___ Given data

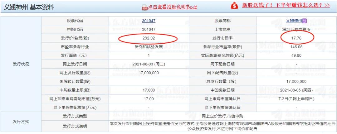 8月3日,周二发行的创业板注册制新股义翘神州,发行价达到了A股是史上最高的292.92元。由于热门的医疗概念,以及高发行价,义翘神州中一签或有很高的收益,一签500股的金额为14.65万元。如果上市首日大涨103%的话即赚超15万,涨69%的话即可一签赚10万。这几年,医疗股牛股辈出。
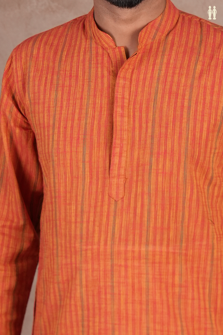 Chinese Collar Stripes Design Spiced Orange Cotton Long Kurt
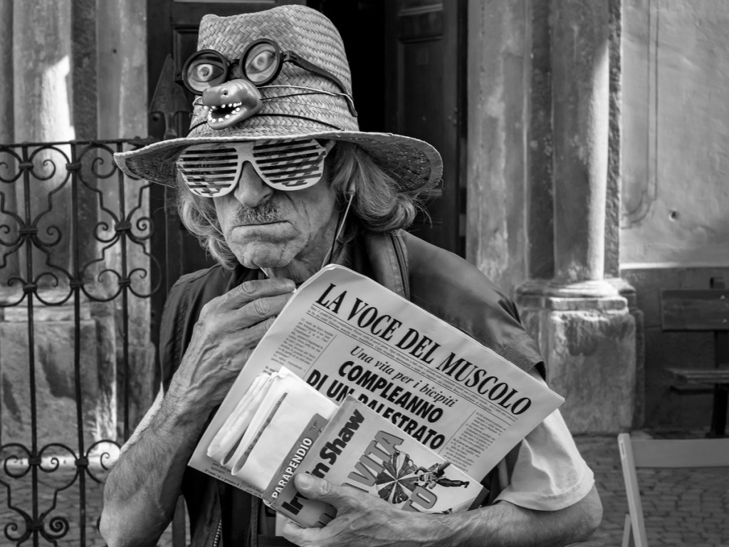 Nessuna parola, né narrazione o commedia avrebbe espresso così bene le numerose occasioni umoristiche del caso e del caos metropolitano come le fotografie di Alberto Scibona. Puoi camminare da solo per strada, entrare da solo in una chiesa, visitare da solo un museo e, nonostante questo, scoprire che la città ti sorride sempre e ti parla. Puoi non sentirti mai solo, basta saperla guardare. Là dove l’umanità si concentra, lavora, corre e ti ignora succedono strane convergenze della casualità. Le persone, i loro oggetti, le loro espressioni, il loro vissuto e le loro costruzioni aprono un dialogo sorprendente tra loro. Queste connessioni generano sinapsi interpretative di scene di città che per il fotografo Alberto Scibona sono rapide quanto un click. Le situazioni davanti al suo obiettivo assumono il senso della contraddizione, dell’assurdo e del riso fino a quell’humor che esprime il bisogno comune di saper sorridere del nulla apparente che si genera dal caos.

______
___ Given data

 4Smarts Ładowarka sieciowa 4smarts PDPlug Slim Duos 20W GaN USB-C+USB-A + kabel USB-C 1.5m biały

______

Copy out exactly the lines above beginning with the line that contains "8月3日,周二发行的创业板注" and finishing with the line that contains "Chinese Collar Stripes", including both; leave the pictures out.

* _Response for this exercise_
 8月3日,周二发行的创业板注册制新股义翘神州,发行价达到了A股是史上最高的292.92元。由于热门的医疗概念,以及高发行价,义翘神州中一签或有很高的收益,一签500股的金额为14.65万元。如果上市首日大涨103%的话即赚超15万,涨69%的话即可一签赚10万。这几年,医疗股牛股辈出。
 Chinese Collar Stripes Design Spiced Orange Cotton Long Kurt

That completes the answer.